Поздняя ночь. Предутрие. На Рождество. Уже, наверное, родился…
Безоблачно и студёно: полюс медведем белым дышит – отпыхивается. Где горит на электрическом столбе, в чьей-то ограде ли какая лампочка, и видно, как сверкает в воздухе изморозь – цветными блёстками – не до чего им, разноцветным: между собой переговариваются – как о сокровенном.
Вокруг Ялани, словно обод на колесе, заснеженный ельник. Стоит – Господь его будто поставил, – смирный. Господь, конечно, и поставил.
Тихо в Ялани. Безлюдно. Только собаки изредка в разных краях села побрешут. Да просеменит, когтями стуча по промёрзлой дороге, какая-нибудь из них по улице – куда-то, и сама, поди, куда, не знает.
Посреди Ялани, почти неразличимо на фоне снега, матово мутнеют стены церкви бывшей – Сретенья Господня. Без куполов, без колокольни – будто прицельно по ним били. Пусто в ней, давно разорена. Раскурочена, как говорят здесь. И восстановить её некому. Летом, спасаясь от зноя и от овода, забредают в неё лошади, коровы и овцы – мирно все там пребывают. Сейчас скрываются в ней от лютого мороза воробьи и вороны. Как им там, на намоленном когда-то людьми месте?.. Душа робеет, как подумаешь.

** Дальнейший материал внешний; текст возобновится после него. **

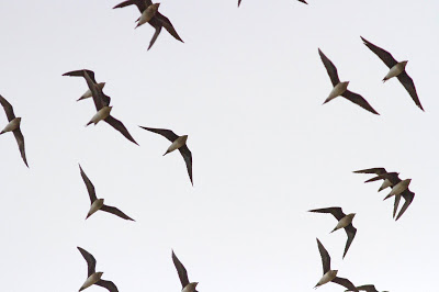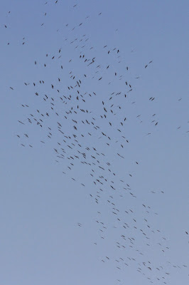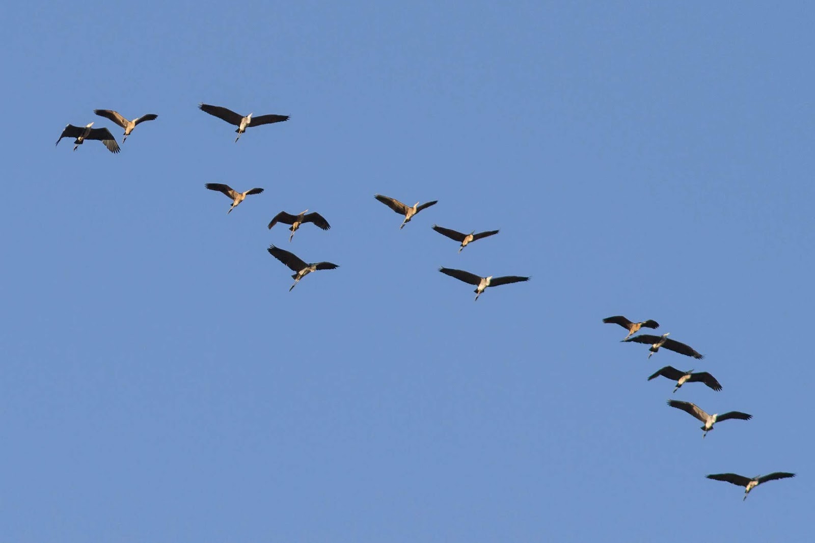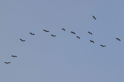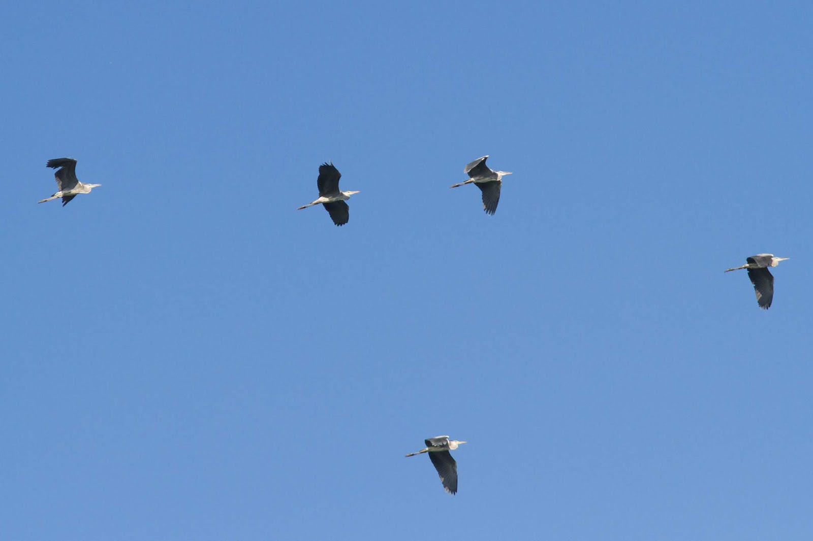 From early morning on several flocks of Purple and other herons gave us great fun. Now the evening breaks in and from the already somewhat stale light a group of nearly 200 herons emerges and flies straight over our heads: 135 Purple Herons together with 55 Grey Herons are a great observation for all and screw up the already enormous number of migrating herons. The day ends with a total of 757 Purple Herons, which almost reach the 1225 Grey Herons a few days before. Breath-taking numbers! This is the bird migration at the Besh!
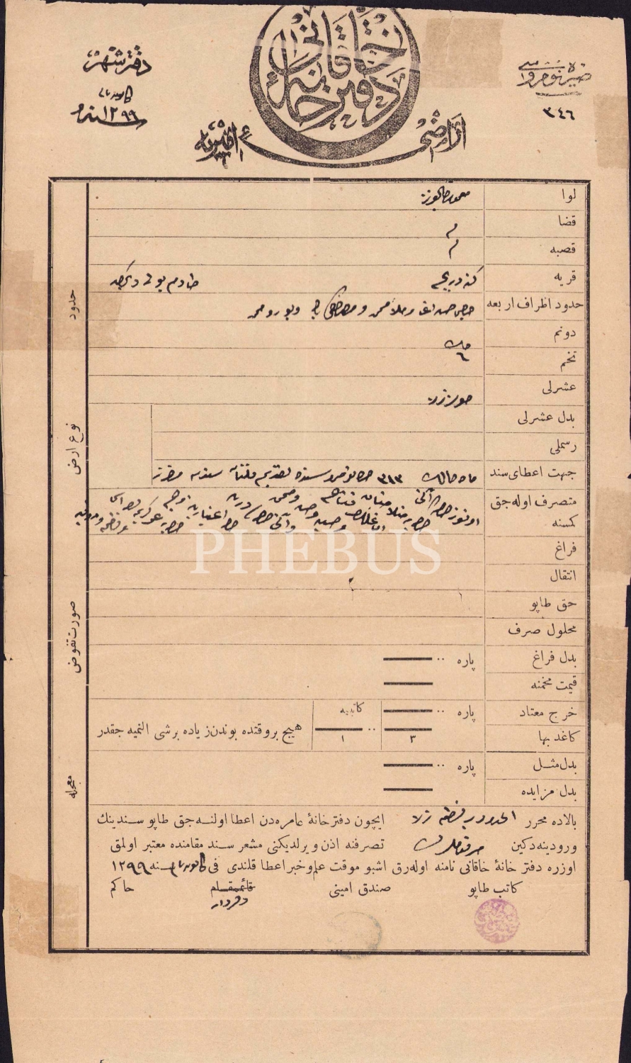 Defter-i Hakani antetli arazi tapusu, Mamuretü'l Aziz [Elazığ|], 1299 tarihli, Osmanlıca, 17x29 cm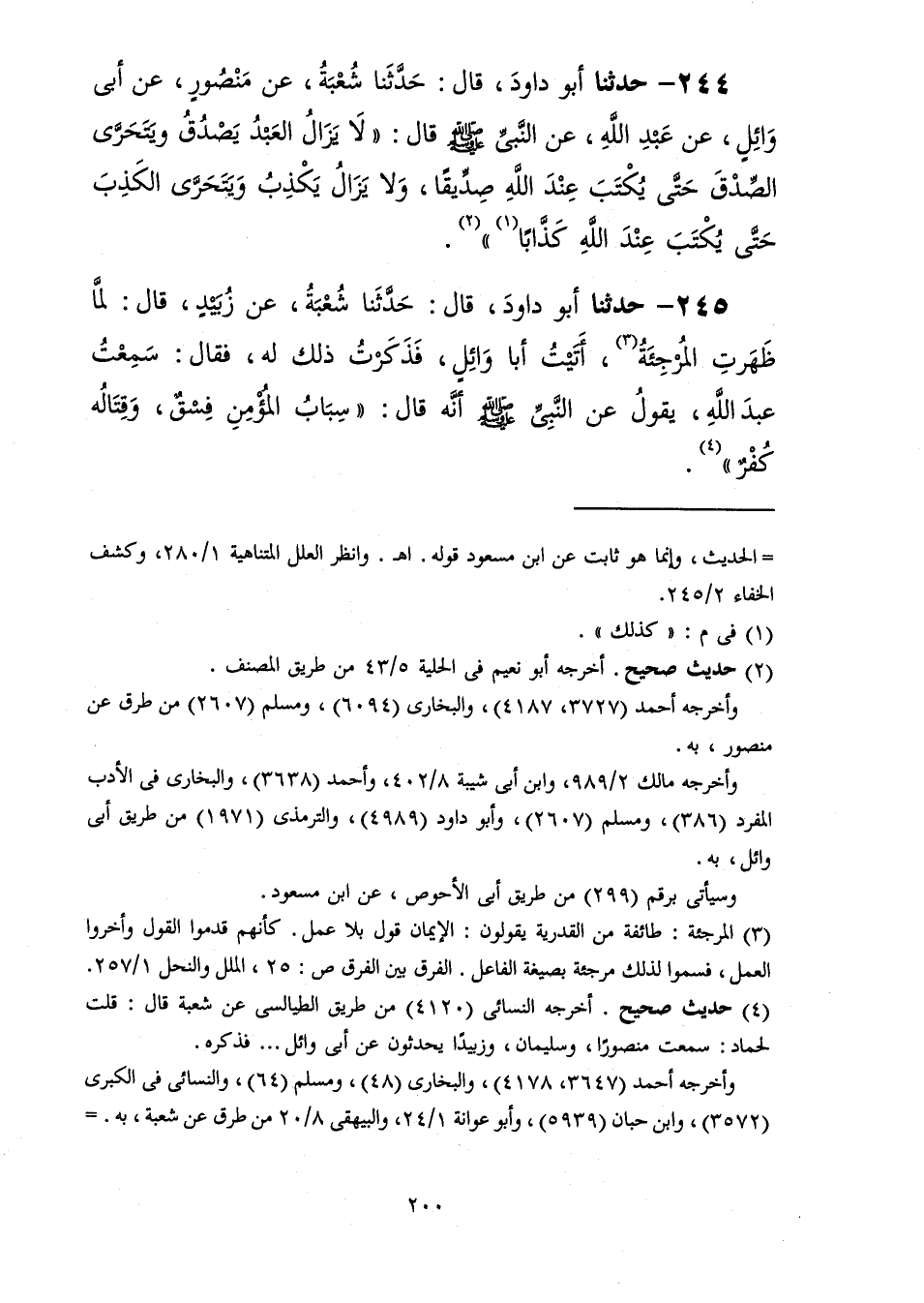 245 - حَدَّثَنَا أَبُو دَاوُدَ قَالَ: حَدَّثَنَا شُعْبَةُ، عَنْ زُبَيْدٍ، قَالَ: لَمَّا ظَهَرَتِ الْمُرْجِئَةُ أَتَيْتُ أَبَا وَائِلٍ فَذَكَرْتُ ذَلِكَ لَهُ فَقَالَ: سَمِعْتُ عَبْدَ اللَّهِ، يَقُولُ عَنِ النَّبِيِّ صَلَّى اللهُ عَلَيْهِ وَسَلَّمَ أَنَّهُ قَالَ: «§سِبَابُ الْمُؤْمِنِ فِسْقٌ وَقِتَالُهُ كُفْرٌ»

Со стороны Вельска въехала в Ялань машина. ГАЗ-66, с нарощенными бортами. Остановилась – как думающая. Постояла с выключенным светом минут пять. Тронулась, не включая ни фар, ни габаритных огней. Свернув с тракта и прорезая в глубоком снегу узкие колеи, приблизилась на первой передаче к дому-пятистеннику с тёмными окнами и с жидким, едва заметным, дымком над трубой, задом спятилась к сложенной впритык к забору поленнице берёзовых дров. Из машины, не заглушая мотор и не хлопая дверцами, вышли двое. Потоптались, молча и оглядываясь. Только снег поскрипывает у них под ногами. После один забрался в кузов, другой, сгребя с поленницы снежную шапку, стал подавать товарищу поленья, тот – их в кузове укладывать бесшумно. Закончив работу, они сели опять в кабину. Вырулив гружёно на тракт, осветив перед собой дорогу и обозначив себя подфарниками, машина направилась в сторону Елисейска. Дорога ровная – доедут.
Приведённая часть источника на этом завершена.